### Instructions to follow
Extract from the entries below, exactly as given, only the lines from the line containing "为更好助力团队中青年教师,在" to the line containing "- 工作原理6:通常基于恒溫", both lines included.

### Given entries

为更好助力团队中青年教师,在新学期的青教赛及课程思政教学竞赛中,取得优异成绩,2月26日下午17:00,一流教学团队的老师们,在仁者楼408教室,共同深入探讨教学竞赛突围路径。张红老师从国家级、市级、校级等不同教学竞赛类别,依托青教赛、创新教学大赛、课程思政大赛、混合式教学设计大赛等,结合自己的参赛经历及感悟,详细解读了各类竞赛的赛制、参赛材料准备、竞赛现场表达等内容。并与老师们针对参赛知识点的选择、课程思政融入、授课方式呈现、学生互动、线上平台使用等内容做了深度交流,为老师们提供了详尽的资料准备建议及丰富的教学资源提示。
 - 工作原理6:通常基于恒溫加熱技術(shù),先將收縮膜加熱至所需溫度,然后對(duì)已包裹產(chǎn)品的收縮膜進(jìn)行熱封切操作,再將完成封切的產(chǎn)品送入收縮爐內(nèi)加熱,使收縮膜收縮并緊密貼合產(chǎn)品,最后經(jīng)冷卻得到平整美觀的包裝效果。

---

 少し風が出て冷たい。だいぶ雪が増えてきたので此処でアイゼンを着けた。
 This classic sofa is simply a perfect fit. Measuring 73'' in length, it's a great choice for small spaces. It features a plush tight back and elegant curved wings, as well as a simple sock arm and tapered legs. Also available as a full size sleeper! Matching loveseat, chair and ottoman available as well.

### Worked solution
为更好助力团队中青年教师,在新学期的青教赛及课程思政教学竞赛中,取得优异成绩,2月26日下午17:00,一流教学团队的老师们,在仁者楼408教室,共同深入探讨教学竞赛突围路径。张红老师从国家级、市级、校级等不同教学竞赛类别,依托青教赛、创新教学大赛、课程思政大赛、混合式教学设计大赛等,结合自己的参赛经历及感悟,详细解读了各类竞赛的赛制、参赛材料准备、竞赛现场表达等内容。并与老师们针对参赛知识点的选择、课程思政融入、授课方式呈现、学生互动、线上平台使用等内容做了深度交流,为老师们提供了详尽的资料准备建议及丰富的教学资源提示。
 - 工作原理6:通常基于恒溫加熱技術(shù),先將收縮膜加熱至所需溫度,然后對(duì)已包裹產(chǎn)品的收縮膜進(jìn)行熱封切操作,再將完成封切的產(chǎn)品送入收縮爐內(nèi)加熱,使收縮膜收縮并緊密貼合產(chǎn)品,最后經(jīng)冷卻得到平整美觀的包裝效果。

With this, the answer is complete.